Szybko jednak porzucam te rozmyślania i udaję się w stronę, gdzie mają odbyć się kolejne zajęcia.




Późnym wieczorem, wracam do swojego pokoju po wspólnej nauce z Alexem, która trochę się nam przeciągnęła. To przez to, że często zamiast rozmawiać na naukowe tematy, poruszaliśmy zupełnie inne kwestie. Dotyczące, chociażby naszych planów na przyszłość.
- Dzięki za miło spędzony wieczór. Jesteś naprawdę, dobrym kolegą - mówię szczerze. Może on, nie zastąpi mi Alice, która była moją najlepszą przyjaciółką, ale od czasu do czasu możemy spędzić ze sobą trochę czasu. 
- To ja, dziękuję za twoją pomoc. Jesteś niezastąpiona. Cieszę się także, że zmieniłaś o mnie zdanie. To naprawdę, wiele dla mnie znaczy - nieoczekiwanie zmniejsza pomiędzy nami, coraz bardziej odległość. Próbuję się od niego odsunąć, czując się niezbyt komfortowo, ale wpadam na drzwi znajdujące się za moimi plecami. 
- Powinieneś już iść. Jest późno, a ja chcę się położyć spać. Przed nami jutro, kolejny ciężki dzień - próbuje zakończyć ten niezręczny moment, zanim będzie za późno. 




Nieoczekiwanie Alex, zamiast odsunąć się ode mnie, najpierw dotyka dłonią mojego policzka, a następnie przyciska swoje wargi do moich w namiętnym pocałunku. W pierwszej sekundzie chcę go od siebie odsunąć i uświadomić, że nigdy więcej nie ma prawa czegoś takiego robić. Skutecznie mi to jednak uniemożliwia, przyciągając jeszcze mocniej do siebie.

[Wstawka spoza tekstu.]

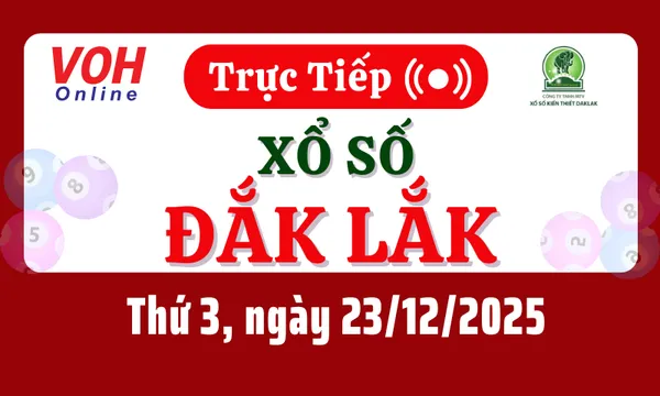 Xổ số Đắk Lắk hôm nay 23/12/2025 được cập nhật trực tiếp lúc 17h10 từ trường quay.
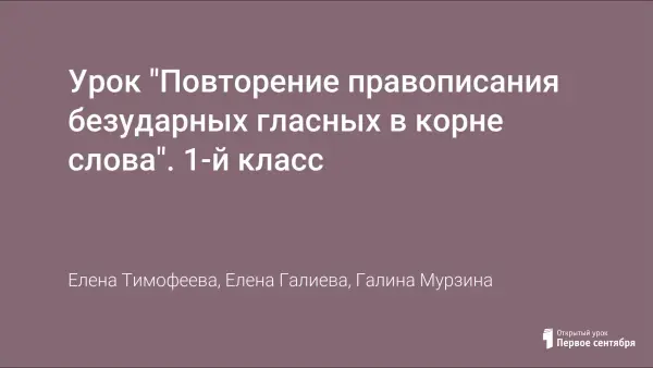 Урок "Повторение правописания безударных гласных в корне слова". 1-й класс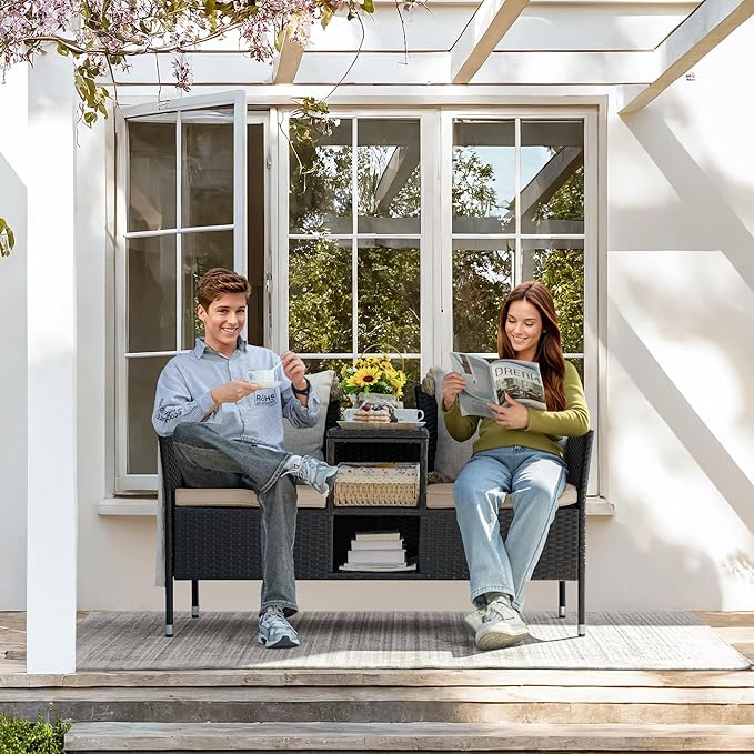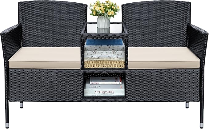- SPACE SAVING DESIGN: Both the top and bottom of the patio loveseat have extra storage space, which can meet your more storage needs, able to store more books, cushions or other things.

Nasze ciała, praktycznie całe do siebie przylegają.





Moja silna wola, skutecznie osłabiona przez ostatnie wydarzenia, coraz bardziej słabnie. Po chwili zupełnie, wbrew zdrowemu rozsądkowi, odwzajemniam jego pocałunek, wplatając swoje dłonie w jego włosy. Ignorując wszelkie ostrzeżenia, wysyłane przez mój mózg, że będę tego żałować, dużo prędzej niż myślę.
Tracę nad sobą kontrolę, próbując pozbyć się towarzyszącej mi nieustannie, w ostatnim czasie samotności. Spragniona bliskości drugiej osoby, staram się zrobić na złość całemu otaczającemu mnie światu, za to że pozbawił mnie wszystkiego, co sprawiało że byłam szczęśliwa. Udowadniając, że pomimo rzucanych mi kłód pod nogi, mogę ułożyć sobie życie na nowo. Mam jednak świadomość, że to tylko życzeniowe myślenie. A to co się teraz dzieje, to tylko marna podróbka, tego czego naprawdę pragnę.
Mimo, że odwzajemniam pocałunki Alexa, wcale nie odczuwam przy tym, jakiś głębszych emocji. Nie sprawiają, że skupiam się tylko na nich, sprowadzając swój świat, wyłącznie do osoby stojącej obok. Nie wyłączam przy nich myślenia, starając się żyć wyłącznie przeżywaną chwilą.
Dogłębnie uświadamiam sobie, że nie całują mnie usta, których smak i kształt znam na pamięć. A ich właścicielem nie jest ten, który posiada moje serce na wyłączność. 
Staram się przerwać, tą jedną wielką pomyłkę. Ale ktoś mnie w tym uprzedza. 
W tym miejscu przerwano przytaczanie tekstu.